In the end, you only need a 150ct max humi to sit around and hold your sticks, unless 100 choices just isn't enough for you. The rest of your beloved cigars should sit somewhere safe and solid in a cooler. You don't need them ALL on display. Just keep refilling the humi from the cooler, and you'll always smoke great cigars from your gorgeous box.

And remember, quality is in the eye of the cigar-holder. A "cheap" humidor might not hold rock solid without some effort, but almost any box can work if you play your cards right. Spending a lot is mostly for those who want super eye-candy. While I would never turn down a Waxing Moon Humidor, I don't see myself ever putting out the money for one. The cheap ones look good enough in my opinion, just find something that you like the design of and that speaks to you. All other issues can be managed - but in the end, you need to be happy with what you buy.

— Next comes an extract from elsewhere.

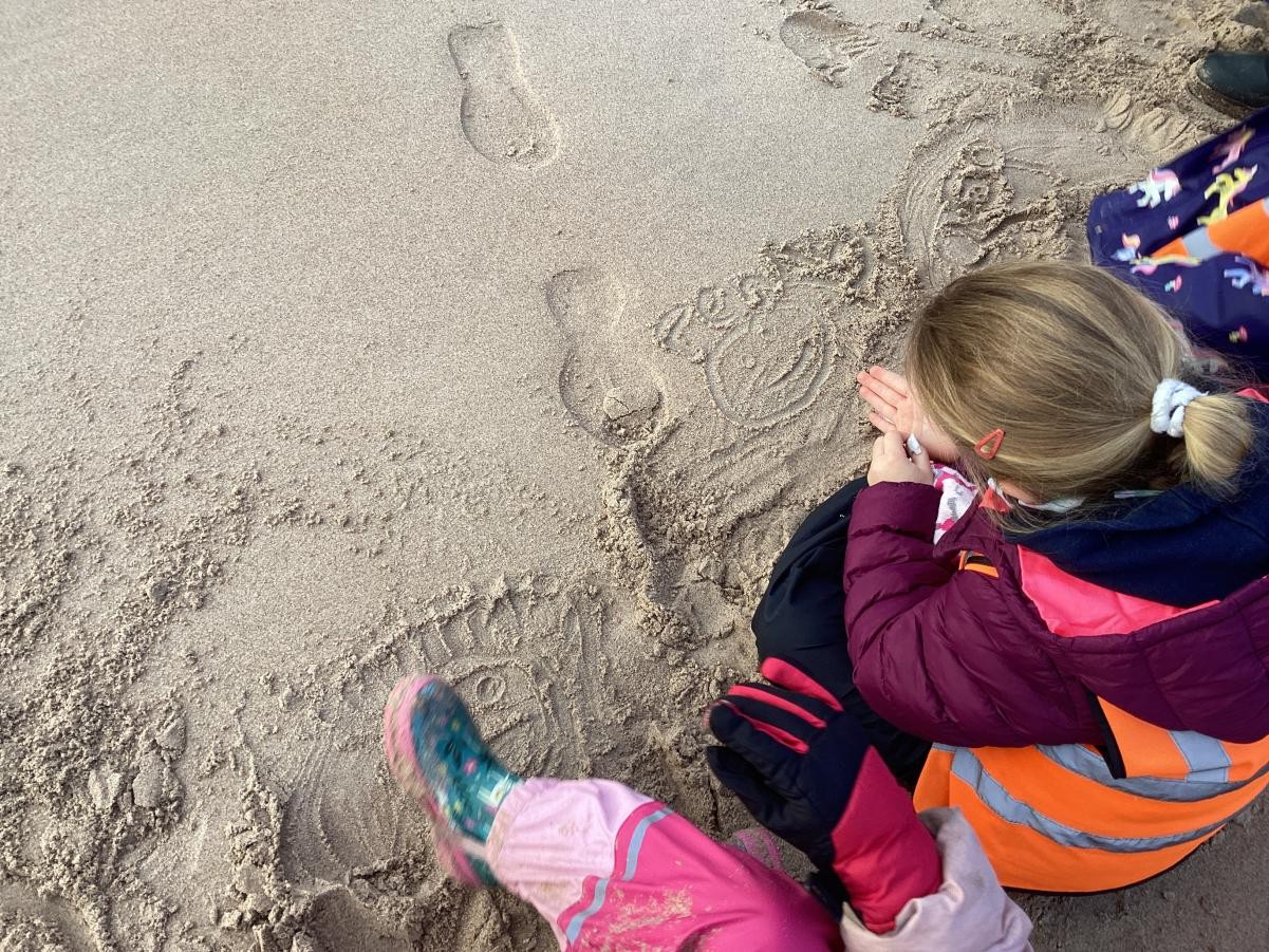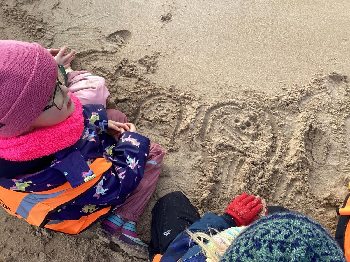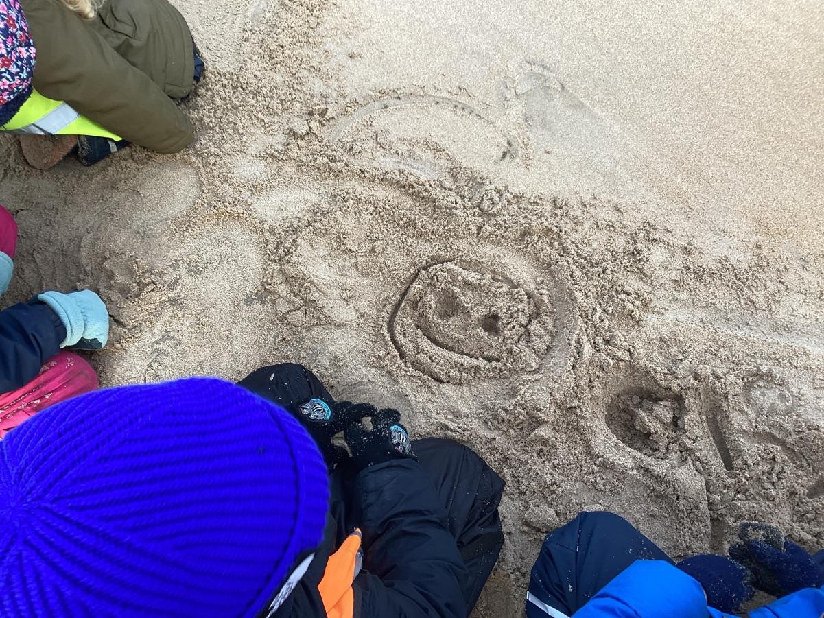 During some reflection time and our prayer time we drew pictures of our friends in the sand.
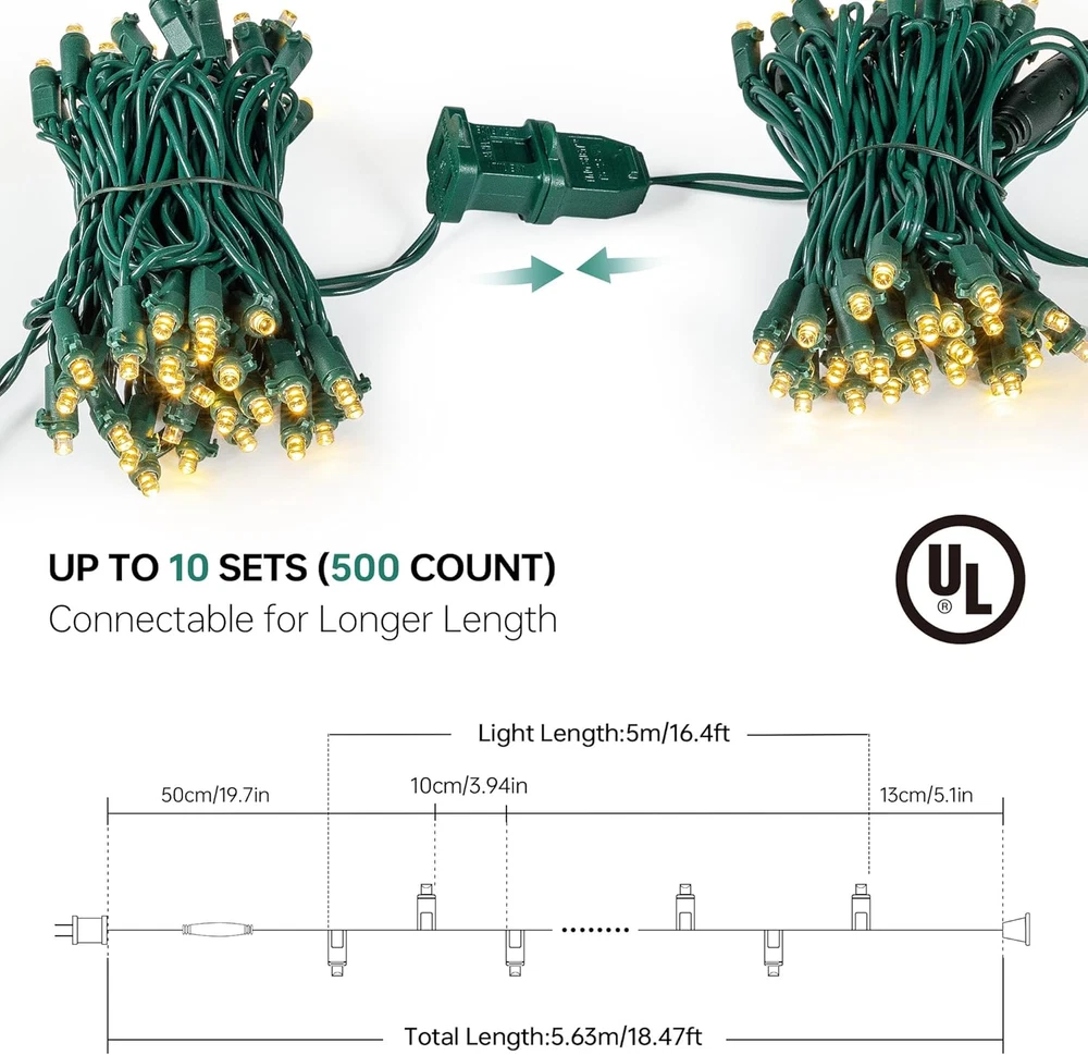 Store New Arrivals Add to Favorite View Feedback Contact Fast deliveries to the customer's home Quality customer service John Make the customers happy! LED Christmas Lights, Mini Led Lights Outdoor Indoor Plug in Waterproof String Lights 16.4Ft 50 Count 2 Pack Steady On, Tree Lights for Party Wedding Home Holiday Decoration (Warm White) Description 5mm led lights: Green wire double pack warm white 50 led Christmas lights 5mm steady steady, each string length: 5m/16.4ft,110 volts, distance between each string of lights: 7cm/2.76 inches, lead length: 50cm/1.6 inches, each Christmas light has male and female plugs for easy end-to-end connection and can be connected to up to 10 groups for a brighter effect. Waterproof and durable christmas lights: led lights are durable, with IP44 waterproof rating, strong waterproof function, even in rainy days also give full play to the lamp string function. At the same time, the led string has a strong life, the use of thick green wire, with a strong insulated copper core, will not produce entanglement when used, the wire is soft, but also easy to operate. High-quality led lights: These high-quality led strings are UL certified and durable, where the rectifier on the string allows lED lamps to have stable voltage and function without safety concerns, and these LED lights have a constant temperature compared to incandescent lamps. Detachable led lights: led string bulbs are removable and easily repaired and replaced with spare extra bulbs when the bulbs burn out or break. There is a fuse in the plug to prevent the bulb from burning out. We also offer 4x extra bulbs for you to replace without having to worry about burnout or overload. Led christmas lights outdoor & Indoor: Warm white light strings are suitable for indoor and outdoor Christmas decorations and Christmas tree lights, can be used in Christmas, Valentine's Day, Halloween, can also be used for wedding, party, bedroom, home, courtyard, wall, garden or balcony decoration, bringing a comfortable and warm feeling. Product Description Connectable 1 Porch 2 Festivals 3 Outdoor 4 Indoor Get in the Christmas spirit The video showcases the product in use. The video guides you through product setup. The video compares multiple products. The video shows the product being unpacked. Led lights embellish the festive atmosphere Item model number QX-50-1-C series Light Source Type LED Style Modern Power Source Corded Electric Number of Light Sources 50 Control Method Touch Theme Christmas,holiday,Valentine’s Day, Birthday Batteries Included? No Controller Type Touch Control Batteries Required? No Package Dimensions 5.55 x 4.21 x 3.66 inches Indoor/Outdoor Usage Indoor Light Color Warm White Item Weight 13.4 ounces Occasion Christmas,Party,Wedding,Home Special Features Corded Special Feature Corded Part Number E115096 Color Warm White Size 50LED ABOUT US We offer the best prices around on high quality products. Our E-store includes media such as books, movies, music and games while offering electronics, toys, sporting apparel, clothing, tools, general home, garden items and more. SHIPPING We are always working hard to ensure your package arrives as soon as possible. Please understand that some factors like weather, high postal traffic, and the performance of shipping companies are outside of our control. We offer free shipping to the lower 48 states and ship within 2 business days of payment, usually sooner. We do not accept P.O. Boxes. Please provide a physical address. For shipping outside of the continental USA, we only use eBay's Global Shipping Program. The item is shipped to KY and then sent to the rest of the world. International customers are responsible for all duties and taxes. Continue to 'check out' to calculate costs for shipping the item to your country. Messages regarding eBay's Global Shipping Program MUST be directed at eBay EXCLUSIVELY. RETURNS We offer a 30-Day Return Policy on items in which you are not completely satisfied with. You have the option of a full-refund or an exchange of the item. No returns are available on items shipped outside of the USA PAYMENT We accept PayPal. CONTACT US This page content is yet to come Please ad us to your favorite seller and visit again later Thank You CUSTOMER SATISFACTION We try our very best to make sure every customer is completely satisfied. If there's a problem, message us! We're happy to help. WE ACCEPT

Also note, the more you spend on the box, the less you have to spend on the items it is supposed to hold and protect.


----------



## DesertRat (Oct 20, 2013)

Awesome post Sean! Thanks!


----------



## rjwillow (Jan 15, 2014)

Overstock dot com surprisingly had some good deals on Cuban crafters humis. I ended up buying a 130-150 ct from their ebay account in order to get free shipping and use my ****** $$.
I currently run 5 humidors... I know it is not efficient. But I like humis better than plastic coolers. In the summer, I will put 4 of the humis into a yeti cooler in the basement. But until then, I like looking at and caring for the 5 of them.
I recently got a 5 vegas 100ct on cbid for dirt cheap. I am very impressed with the quality. I have it FULL of 5 vegas sticks as well... 
Have fun
rich


----------



## DesertRat (Oct 20, 2013)

Hey Guys,

So I decided to go with the coolidor after all. Ordered a 70 qt. Coleman Xtreme. Hopefully that will last me for a while.

Question: How many pounds of 65% humidity beads should I get to keep it stable?


----------



## Indy-hp (Feb 22, 2014)

HF says a half-pound of beads will humidify up to 2.5 cubic feet. 70 quarts is 2.34 cubic feet.


----------



## DesertRat (Oct 20, 2013)

Indy-hp said:


> HF says a half-pound of beads will humidify up to 2.5 cubic feet. 70 quarts is 2.34 cubic feet.


Ah! Thanks! Should have googled it but didn't realize that it was that direct of a conversion. High school math was a long time ago.


----------